For gig attendees unfamiliar with the sound of StringerBessant, a natural expectation would be for a night of euphoric indie-rock. After all, the commercial highpoint of the duo’s previous incarnation as Reef, “Place Your Hands”, continues to be a 1am floorfiller for indie and student club nights, inviting gaggles of bromanced dudes to jump around while hugging each other.
In reality, the characters that amble onto the stage could easily have walked straight out of a Daniel Woodrell novel or a Fleet Foxes tribute band. Bessant is a mountain of gristle and hair with a magnificent beard – the look is complete when he pulls out a gigantic rag to blow his nose – while lead singer Stringer dons a rustic felt shirt. Bessant prepared for the performance by mingling with the crowd, kissing the ladies and embracing the gents, and it is clear that the band are here to enjoy themselves.

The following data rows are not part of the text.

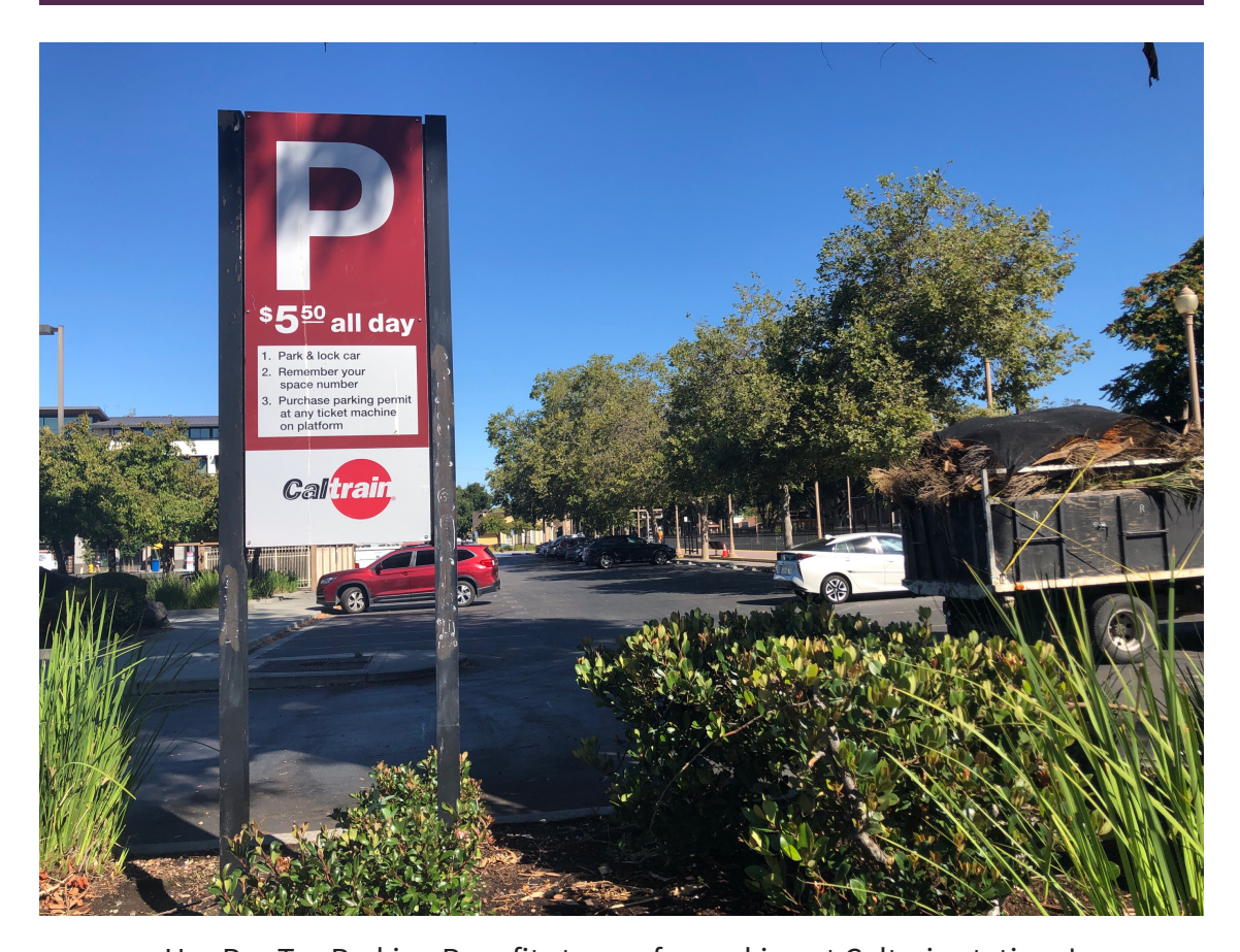
Use Pre-Tax Parking Benefits to pay for parking at Caltrain stations!

Pre-Tax commuter benefits can be used to save on eligible transit and parking expenses including parking at the 500P - Pasteur Staff Garage!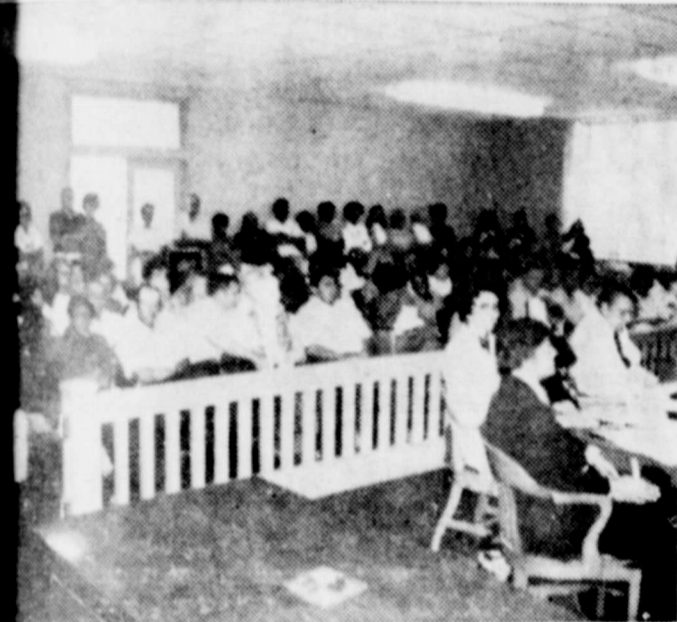
Standing Room Only as Court Opened on Monday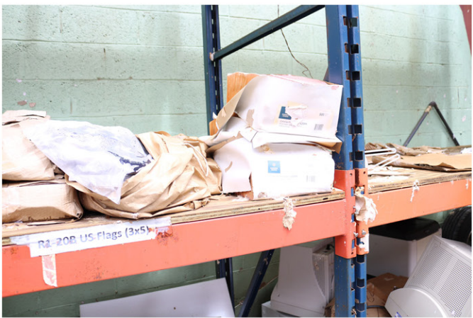
Fixed Assets Management_118.jpg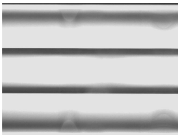
Figure 2: Image section of the above drop at 10.000 rpm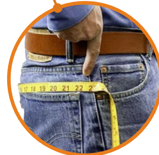
USING A TAPE MEASURE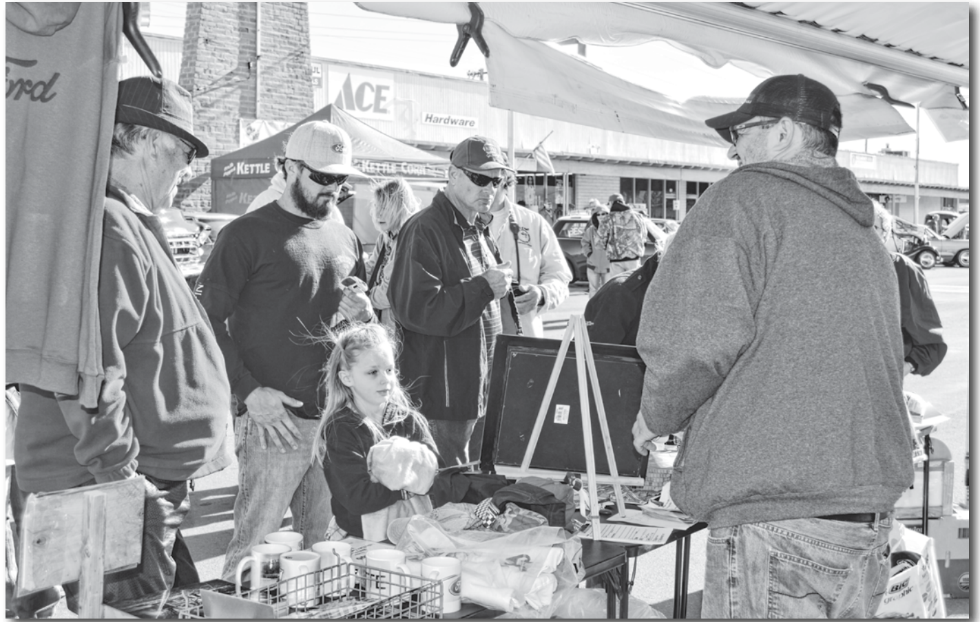
Vendors and people enjoying Kearny Car Show.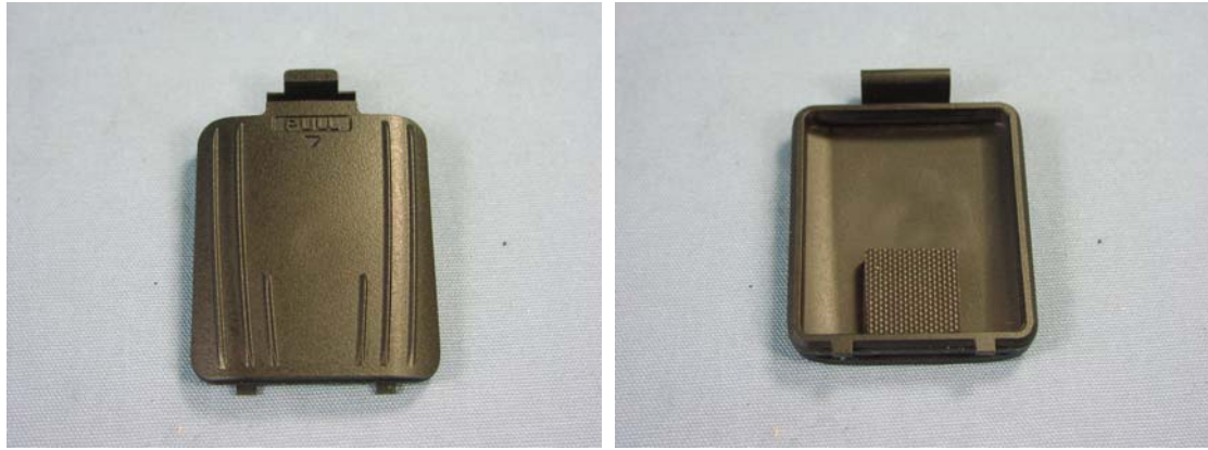
Fig.4-1 Battery Case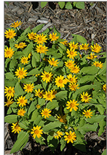
Million Gold Melampodium flowers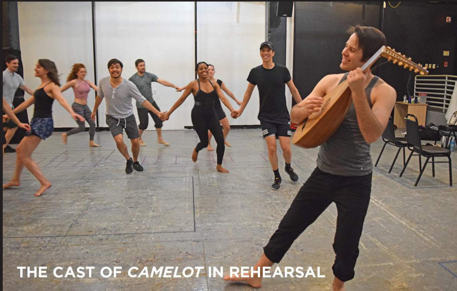
THE CAST OF CAMELOT IN REHEARSAL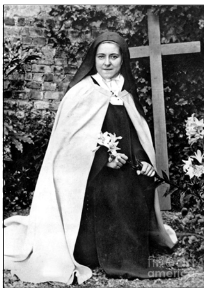
St. Therese of Lisieux 1873-1897

Our Lord needs from us neither great deeds nor profound thoughts. Neither intelligence nor talents. He cherishes simplicity.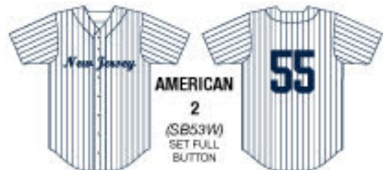
AMERICAN 2 (SB53W) SET FULL BUTTON

COLOR 1: NAVY COLOR 2: SILVER COLOR 3: WHITE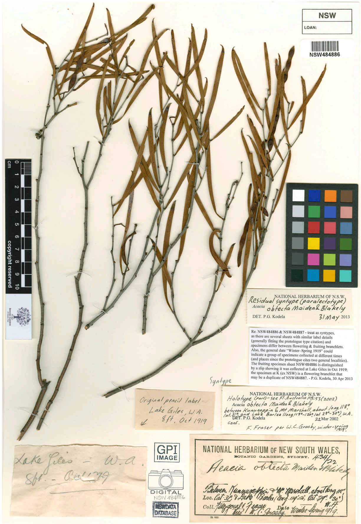
Fig. 4. Residual syntype of Acacia obtecta Maiden & Blakely, NSW484886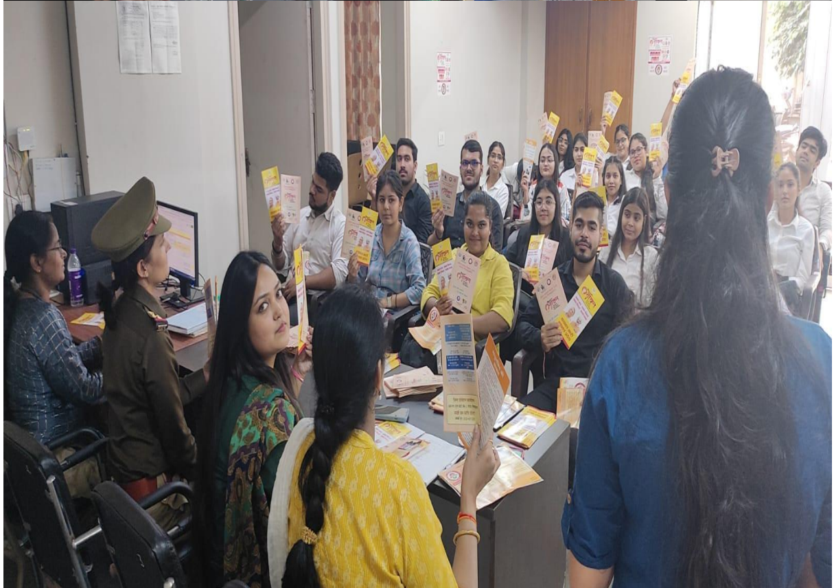
Discussion and sharing the remedies which were available to women like Shakti Mobile, Women Helpdesk etc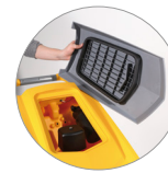
Debris tray + recovery tank filter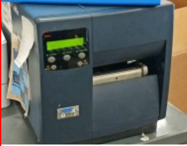
Datamax Label Printer Model DMX-I-4208 $295.00 each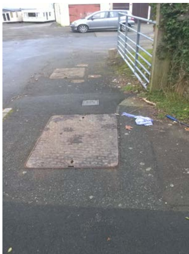
Main Meter location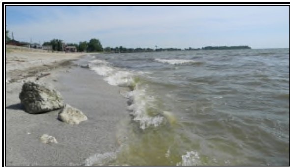
Luna Pier Beach, June 2015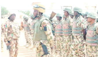
Insecurity: At least 15 bandits, one soldier killed in Niger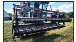
Allis Chalmers 13' grain head, SN: F-G60372F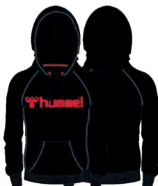
1034 BLACK/FLAME SCARLET

80% cotton/20% polyester sweat fleece Waterbased print Special pocket placement Contrast details Regular fit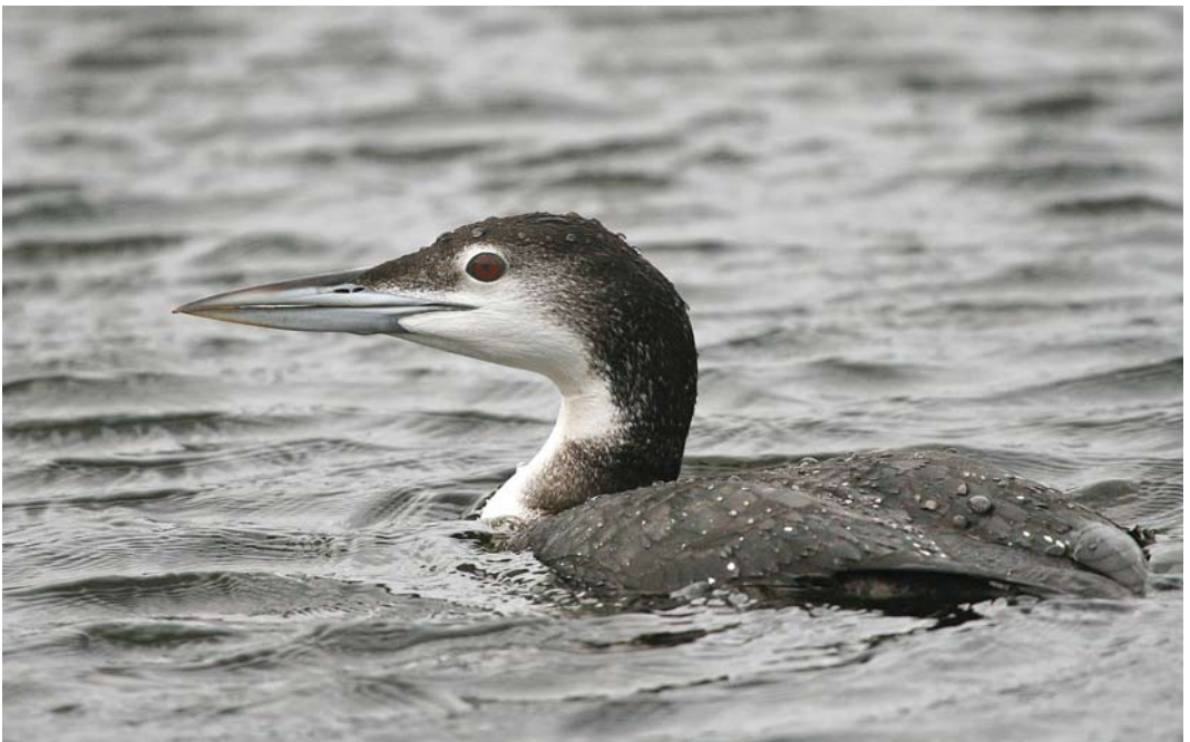
177 Ijsduiker / Great Northern Loon Gavia immer , adult, Hoofddorp, Noord-Holland, 9 januari 2012 (Lars Buckx)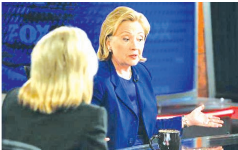
Former US Secretary of State Hillary Clinton (R) sits for an interview with Greta Van Susteren (L) at the FOX News Channel studio in Washington on 17 June, 2014.

Clinton said it was not clear whether arming moderates in Syria would have prevented the rise of the al-Qaeda splinter group, the Islamic State of Iraq and the Levant, which has swept toward Baghdad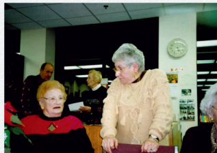
Fallsburg Reading Center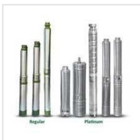
V4 Borewell Submersible Pumps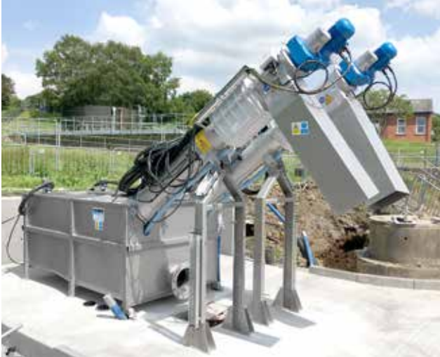
Two HUBER Micro Strainers ROTAMAT® Ro9 in one container. Designed for machine redundancy.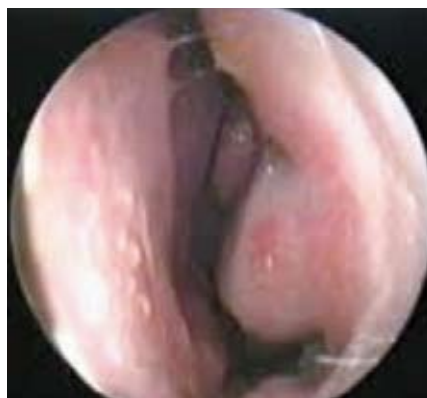
Fig. 3. Marked oedema and swelling of the inferior turbinates.

for since they are often under-diagnosed and untreated. A detailed environmental history must also be taken.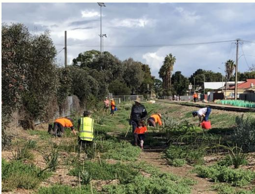
along Hardy St

During the past two months there has been plenty of activity along the Loop, including considerable weeding and mulch-shifting.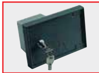
N574005 - SIBOX Empty safe for external release and control push- button panel. Dimensions: 7"x5"x3' 1/2."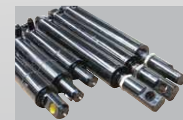
DURABLE HYDRAULIC CYLINDERS

Comes with 4 cylinders for heavy-duty and stable operation 2 single-acting lifting cylinders fitted with safety valves 2 single-acting tilting cylinders Serviceable to help reduce maintenance cost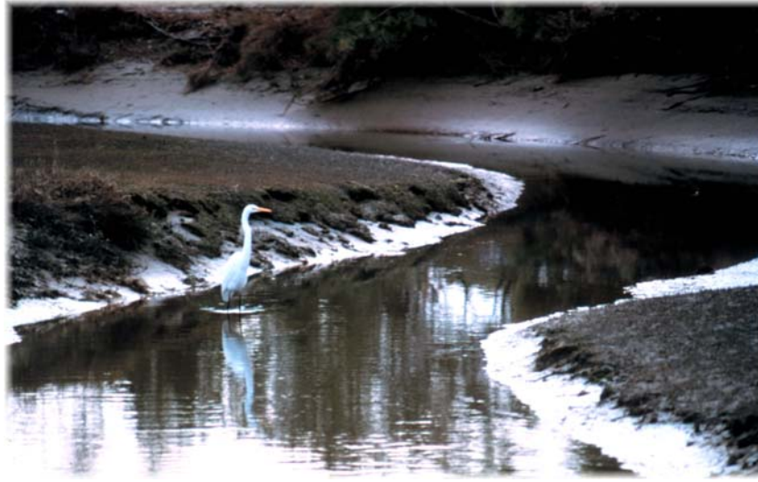
National Oceanic and Atmospheric Administration

Stringer warms us up by enticing us to “have a breather, think about your family”, and then they swoop into their set. Usually the band performs as an acoustic twosome, but for new album ‘The SB Band’ they went electric and were ably supported by two other musicians. On the night, guitarist Amy Newton is understated, adding delicate licks to the chords laid down by Bessant.
Much of the band’s music could be unfairly pigeonholed as an attempt to replicate Harvest-era Neil Young. Stringer’s voice has always carried an air of sunny West-coast USA, and tonight sounds particularly like David Gray. However, what comes across is the same innocence that characterised their Reef output, especially when they implore the crowd to “Give Me The Keys”. Once he becomes steamed up, Stringer removes his felt shirt to reveal a low-cut t-shirt and a proud mat of dark chest hair.
Bessant grew his mighty beard when trekking up the Himalayas, and it is clear that their laid-back approach to music-making plays a major role in attracting fans – the band’s EP, ‘Wild Day’, was part-funded by fans through Pledgemusic. The duo can live comfortably from their Reef royalties, and projects like StringerBessant seem like a good way for them to make music they enjoy playing, and perform this music for accepting fans.